Gropius House

Mexican Clay Figurines

These three Mexican clay figurines were presented to the Gropiuses by Diego Rivera in Mexico City, 1947.

Artifacts from West Mexico are often grouped under geographic headings (including the states of Colima, Jalisco, and Nayarit) and linked through similar cultural practices. The most significant shared tradition between these groups includes the context and location of their artifacts. Objects with origins of ancient West Mexico were deposited within shaft tombs. At anywhere from 3ft to 19ft below ground level, the Colima built tombs that consisted of a large chamber opening out of a narrow shaft.
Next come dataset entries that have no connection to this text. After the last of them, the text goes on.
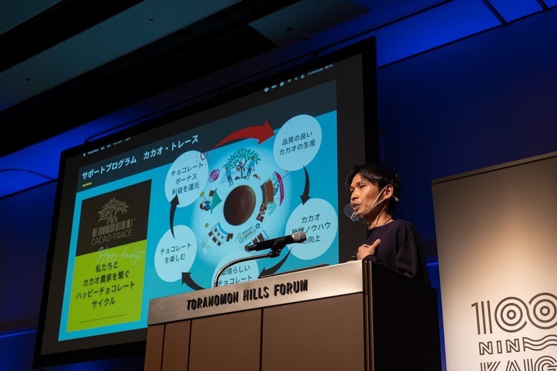 2021/11/14 07:30100人カイギsummit。テーマは「つながるはひろがる。」100人カイギは全国61地域に広がっているコミュニティイベントです。各地域で活躍、面白い活動をするゲストに登壇してもらって、新しい人や取り組むを知る、人の繋がりを生んでいます。今回、小田原100人カイギから推薦いただき、全国版のsummitでナマガトと途上国問題についてお話させていただきました。 1.チョコレートの原料であるカカオの 農家さんたちが抱える問題2.その問題を解決しようと取り組むサステナブル・プログラム3.私たちがプログラムに参加してどうやってカカオ農家さんたちの問題に貢献できるのかこの3つの軸で話をさせていただいた上で「食べる事が貢献に繋がる」というナマガトーショコラの仕組みと取り組みについてご紹介しました。最後に、、、自分たちが購入するモノの背景や状況を考えてみる事の重要性、サステナブルな材料や原料を使うことのオススメをさせていただきました。 ナマガトーショコラは途上国や生産者へのフォーカスを重要視しているところ目的と目標の中の各指標に、途上国や生産者の問題への貢献が含まれています。アウトプットにもその事が表れているので、社会問題に対して、すごい取り組みをしていると勘違いされることがよくあります。ナマガトーショコラも実は特別なことはしていません。かなり端的にいうと、サステナブルな材料を使ってお客様が喜んでくれる製品を頑張って作ろうとしているだけなのです。サステナブルな材料を使ってる以外は皆さんと同じです。いやむしろ皆さんの方が、私たちよりも長い期間、情熱をもって取り組まれていると思います。私たちにとってお客様が喜ぶ商品やサービスを提供する事はとても重要なことではありますが、その商品やサービスの原料や元となるモノに関しても、もう少し気遣えてあげられたら、素敵だなぁと感じるのです。グラレコを書いてくれているスタッフさん コロナの影響でリアルは人数制限があり少人数でしたが、オンラインでは120名程の参加者がいらっしゃったと聞きました。私たちの取り組みに関してこうして多くの方へ、伝えられる御機会をいただき心から感謝しています。他の登壇者の方の話もとても面白く勉強になりました。また紹介できたら良いなと思います。もしお住まいの地域に100人カイギがあったら遊びに入ってみてください♪つながるがひろがっていくかも♪♪トークセッション⑥の登壇者さんたちと もっと見る
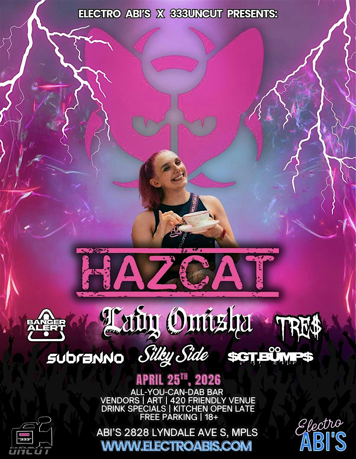 by admin27Feb Hazcat @ Electro Abi’s x 333Uncut at 2828 Lyndale Ave S – Minneapolis, MN Hazcat @ Electro Abi’s x 333Uncut at 2828 Lyndale Ave S – Minneapolis, MN 2 2 people viewed this event. Get ready to vibe with Electro Abi’s and 333Uncut dropping sick beats at Hazcat—live and lit! Tickets-RSVP Link Date And Time Saturday, April 25th, 2026 @ 09:00 PM Location 2828 Lyndale Avenue South, Minneapolis, MN 55408 Event Types Concert or PerformanceMusic Event Category MinneapolisMinnesota Share With Friends Facebook Twitter Linkedin Xing Pinterest Share This Post:
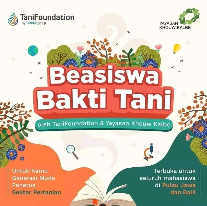 BANTENRAYA.COM – Tani Foundation bersama Yayasan Khouw Kalbe membuka kesempatan beasiswa bagi mahasiswa di wilayah Pulau Jawa dan Bali, dengan insentif Rp6 juta per 6 bulan atau per semester.
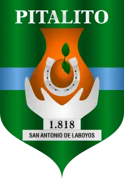 - Historia: Representado en la base del torno, donde se encuentra San Antonio y la fecha de fundación, simboliza el nacimiento de Pitalito. Los anteriores símbolos están sostenidos por una silueta blanca de dos manos que representa la amistad y laboriosidad de todos los Laboyanos.[12]
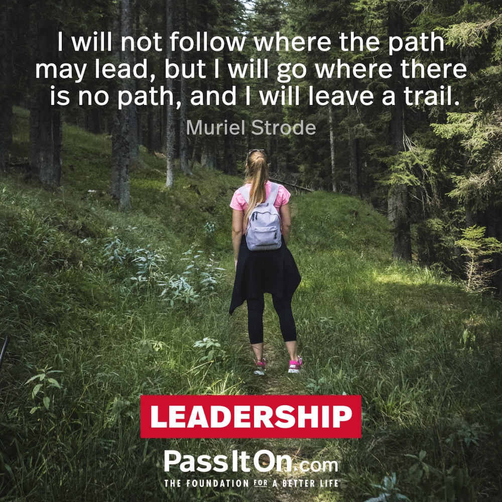 I will not follow where the path may lead, but I will go where there is no path, and I will leave a trail. —Muriel Strode
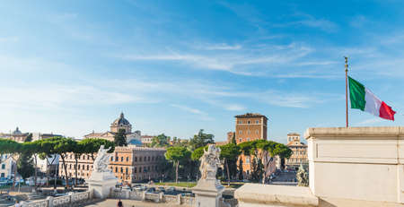 ROME, ITALY - JUNE 23, 2017: Panoramic view of City of Rome from the roof of Altar of the Fatherland, Italy
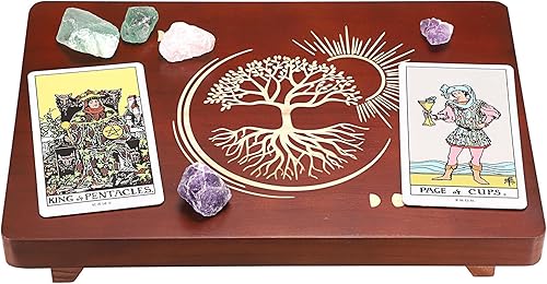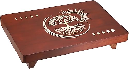SUMTree Table d’autel en Bois Petite Table de méditation Table de Tarot sanctuaire Bouddhiste Phase de Lune et Arbre de Vie (30 x 20 x 6cm), SJFR0233
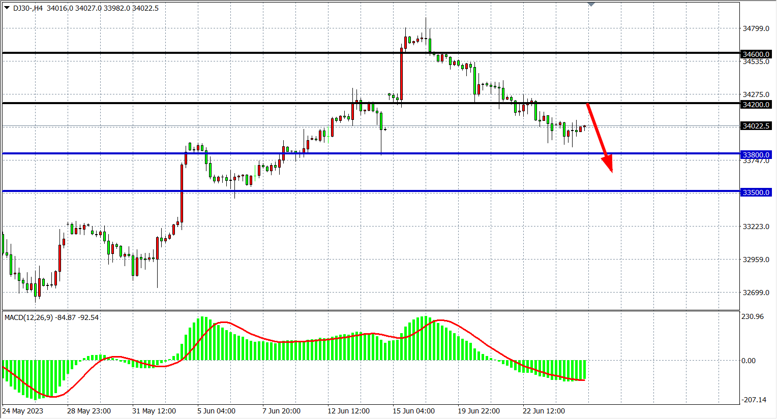 4小时图看,道指延续弱势在3400附近徘徊,MACD量能在零轴下均匀放量,空头趋势占优,下方支撑33800-33500,上方阻力34200-34600。
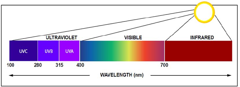 • UV C اطوالها 200 -290 نانومتر وهذه يتم حجبها بطبقة الاوزون ولا تصل الى الارض وهي Germicidal ويمكن ان تستعمل في العلاج الضوئي Phototherapy
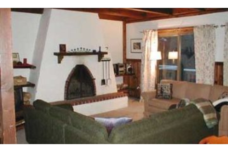 The open floor plan allows you to view the wood burning fireplace from both the living room and dining area. The kitchen is fully equipped. Each two-level townhouse unit features living/dining rooms with stucco-faced wood-burning fireplace. Other amenities include attic storage space, two decks and mountain views. Upstairs are the three bedrooms, a full bathroom and a sauna.Surrounding Description

Over varying periods of time, the Colima placed several burials and accompanying funerary objects within a single burial chamber.

The Colima created earthenware effigies depicting human and animal figures in various postures and expressions with consistent use of round, smooth forms. The human and animal effigies would often be created as funerary sculptures to serve as intermediaries in the afterlife and placed within shaft tombs of local elites. However, during the early nineteenth century and throughout the twentieth century, looting ancient shaft tombs for West Mexican ceramic objects became widespread among European, American, and international collectors. As a result, a significant amount of information regarding the Colima remains unknown. However, researchers and archaeologists are progressively conducting scholarly analyses of artifacts and architecture in order to obtain a greater understanding of the complexity of these cultures.

From 1910 until his death in 1957, Diego Rivera acquired a significant collection of nearly 60,000 Mesoamerican and Pre-Columbian artifacts, which now reside in the Anahuacalli Museum in Mexico City. Following the Mexican Revolution (1910-1920), the newly formed government sought to establish a national identity that transcended the history of colonialism in the region by abandoning Eurocentrism (an emphasis on European culture) and instead elevated the significance of Mexico’s Indigenous history and cultural heritage through the concept of indigenismo. As a result, many intellectuals, writers, and visual artists such as Diego Rivera and Frida Kahlo sought to incorporate Mesoamerican and Pre-Columbian imagery into their work as a way to celebrate that heritage, which had long been marginalized in Mexico through hundreds of years of colonial rule and the Eurocentric dictatorship of Porfirio Díaz.